(Records for processing Opens)

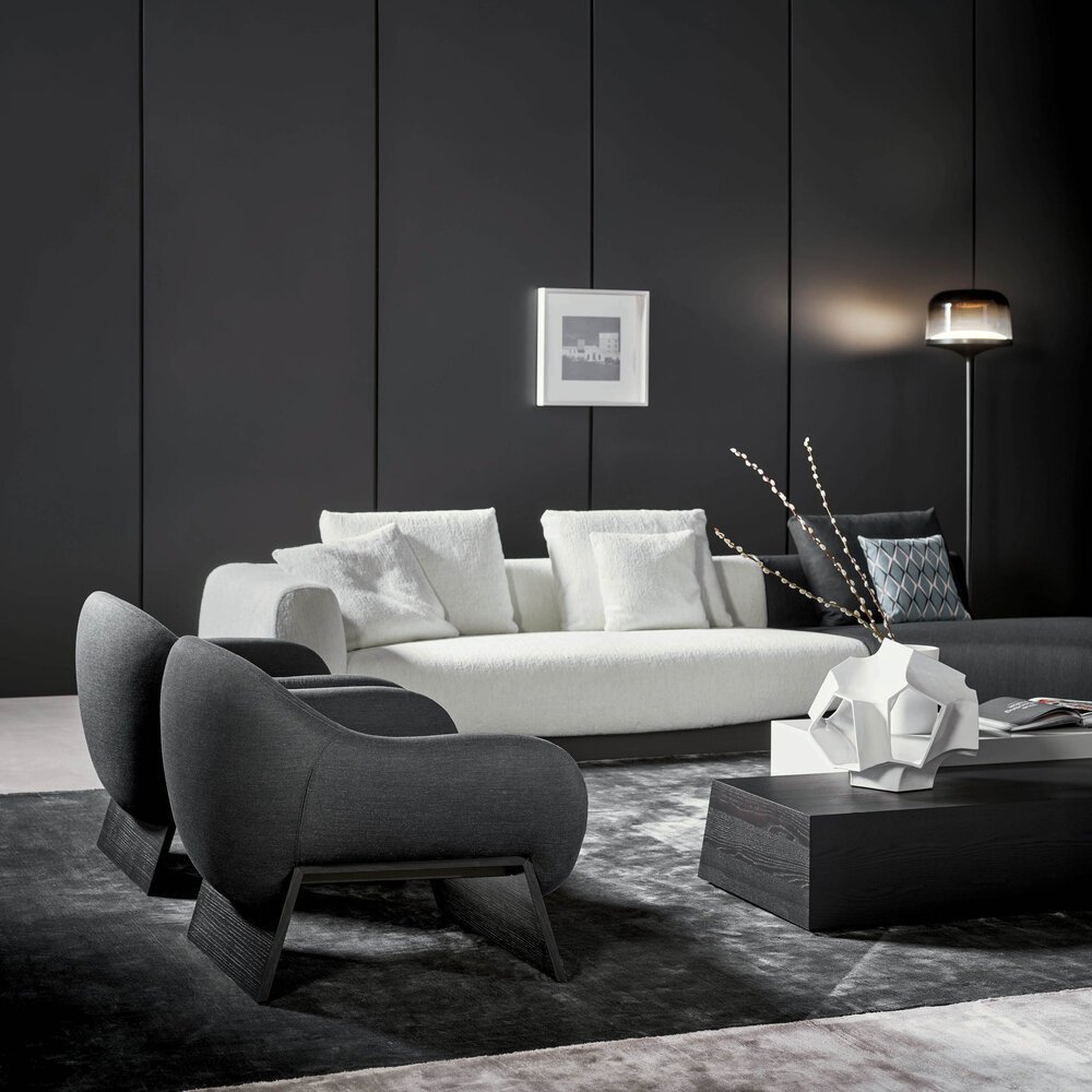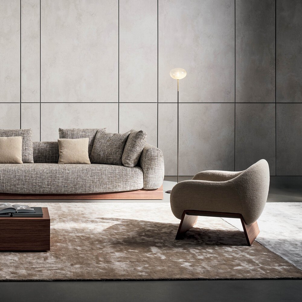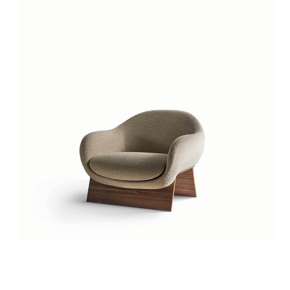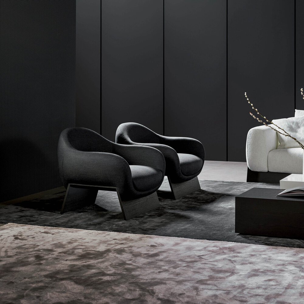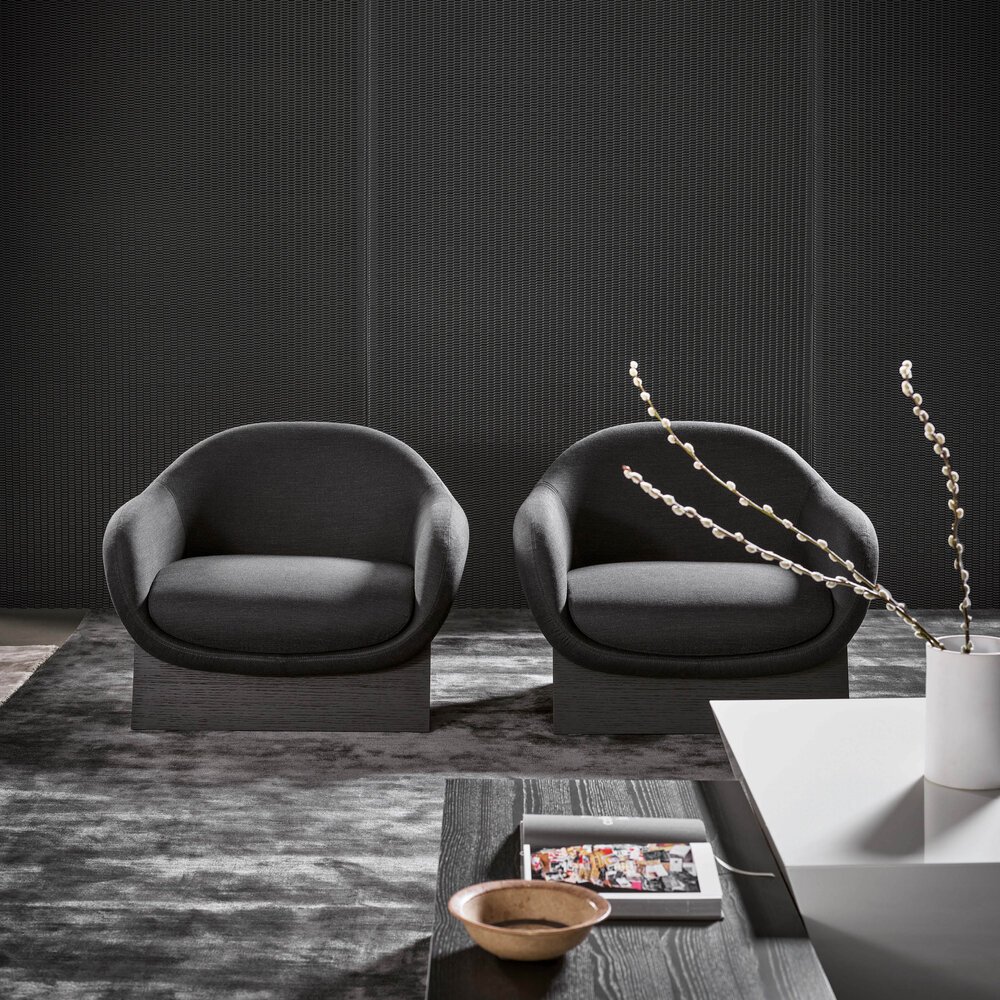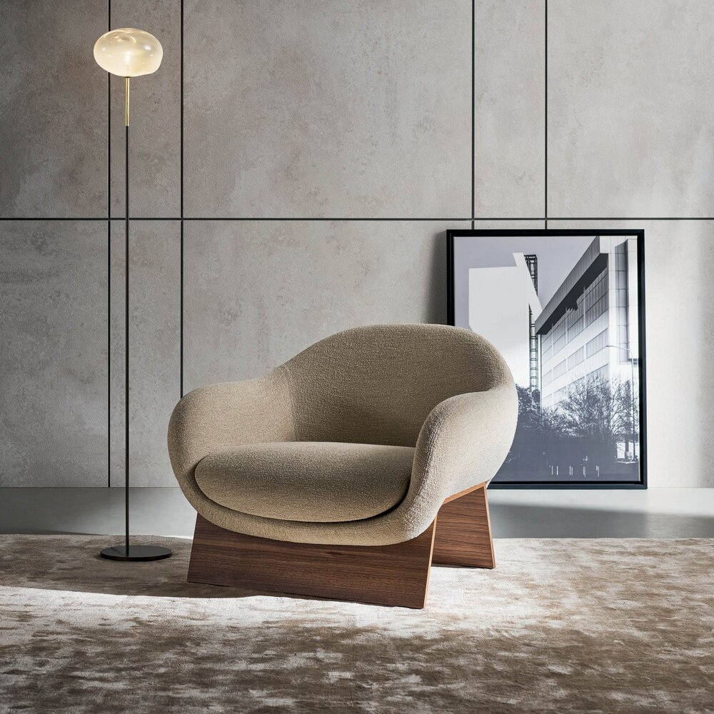 Boolean berjer, aynı isimli kanepeyi tamamlamak üzere tasarlandı ancak tek başına da güçlü bir kimlik sergiliyor. Köprü formundaki tabanı dolu–boş dengesi yaratırken, yumuşak ve kıvrımlı hatları tasarıma zarafet katıyor. Kumaş veya deri döşeme seçenekleriyle sunulan berjerin tabanı ise şık karbon meşe ya da sıcak Canaletto ceviz kaplama olarak tercih edilebiliyor.
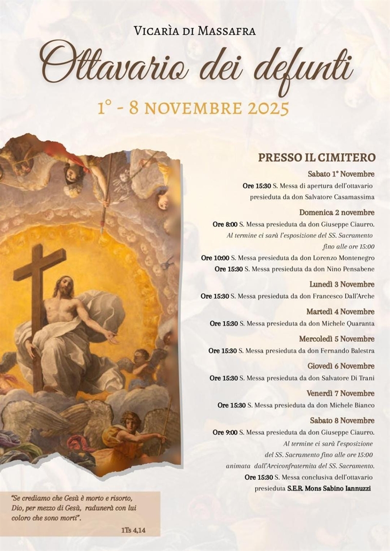 La vicaria invita i fedeli a partecipare numerosi, sottolineando che l’Ottavario è un’occasione per «rafforzare il legame spirituale con i propri cari defunti e affidare a Dio il dono della vita eterna». Il versetto biblico scelto per accompagnare la locandina ricorda: «Se crediamo che Gesù è morto e risorto, Dio, per mezzo di Gesù, radunerà con lui coloro che sono morti» (1Ts 4,14).
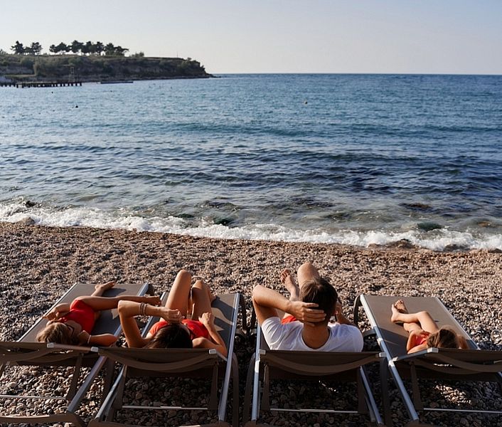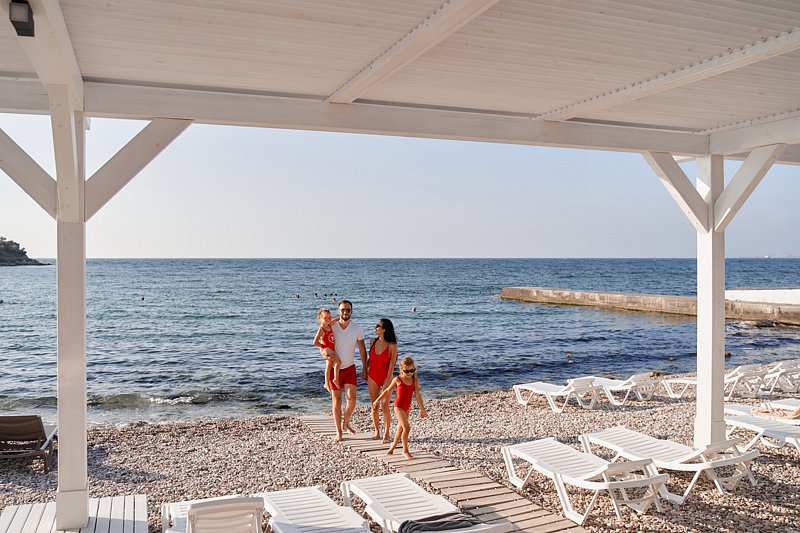- собственный чистый оборудованный галечный пляж (шезлонги, пляжные полотенца, туалеты, душ, видеонаблюдение и Wi-Fi) с июня;
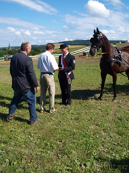 Damit wiederholte sie ihren Erfolg aus dem Vorjahr in dieser Klasse und sammelte den insgesamt 21. Titel eines Thüringenmeisters in ihrer Laufbahn ein. Interessant, daß es in diesem Jahr schon drei sind, der Thüringenmeister 2012 im Einspänner Großpferd mit FST Arielle, der Thüringenmeister 2012 im Zweispänner Großpferd mit FST Arielle sowie Interflug und der Thüringenmeister 2012 Einspänner Fahrpony mit Nobiles.
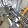 2. Spring loaded tensioner automatically adjusting tension towards chain elongation.
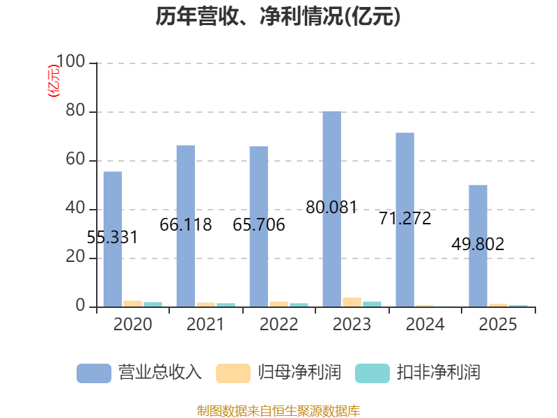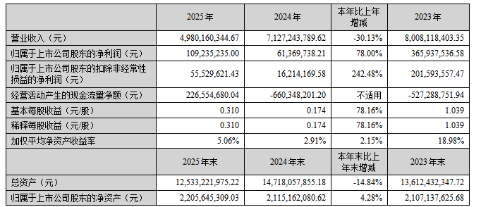 中证智能财讯高新发展(000628)4月28日披露2025年年度报告。2025年,公司实现营业总收入49.8亿元,同比下降30.13%;归母净利润1.09亿元,同比增长78.00%;扣非净利润5552.96万元,同比增长242.48%;经营活动产生的现金流量净额为2.27亿元,上年同期为-6.6亿元;报告期内,高新发展基本每股收益为0.31元,加权平均净资产收益率为5.06%。公司2025年度分配预案为:拟向全体股东每10股派现1元(含税)。

(Records for processing Closes)

◆ **Your instructions**
Write the lines above out again exactly, excluding every picture.

◆ **Solution to the exercise**
 Boolean berjer, aynı isimli kanepeyi tamamlamak üzere tasarlandı ancak tek başına da güçlü bir kimlik sergiliyor. Köprü formundaki tabanı dolu–boş dengesi yaratırken, yumuşak ve kıvrımlı hatları tasarıma zarafet katıyor. Kumaş veya deri döşeme seçenekleriyle sunulan berjerin tabanı ise şık karbon meşe ya da sıcak Canaletto ceviz kaplama olarak tercih edilebiliyor.
 La vicaria invita i fedeli a partecipare numerosi, sottolineando che l’Ottavario è un’occasione per «rafforzare il legame spirituale con i propri cari defunti e affidare a Dio il dono della vita eterna». Il versetto biblico scelto per accompagnare la locandina ricorda: «Se crediamo che Gesù è morto e risorto, Dio, per mezzo di Gesù, radunerà con lui coloro che sono morti» (1Ts 4,14).
- собственный чистый оборудованный галечный пляж (шезлонги, пляжные полотенца, туалеты, душ, видеонаблюдение и Wi-Fi) с июня;
 Damit wiederholte sie ihren Erfolg aus dem Vorjahr in dieser Klasse und sammelte den insgesamt 21. Titel eines Thüringenmeisters in ihrer Laufbahn ein. Interessant, daß es in diesem Jahr schon drei sind, der Thüringenmeister 2012 im Einspänner Großpferd mit FST Arielle, der Thüringenmeister 2012 im Zweispänner Großpferd mit FST Arielle sowie Interflug und der Thüringenmeister 2012 Einspänner Fahrpony mit Nobiles.
 2. Spring loaded tensioner automatically adjusting tension towards chain elongation.
 中证智能财讯高新发展(000628)4月28日披露2025年年度报告。2025年,公司实现营业总收入49.8亿元,同比下降30.13%;归母净利润1.09亿元,同比增长78.00%;扣非净利润5552.96万元,同比增长242.48%;经营活动产生的现金流量净额为2.27亿元,上年同期为-6.6亿元;报告期内,高新发展基本每股收益为0.31元,加权平均净资产收益率为5.06%。公司2025年度分配预案为:拟向全体股东每10股派现1元(含税)。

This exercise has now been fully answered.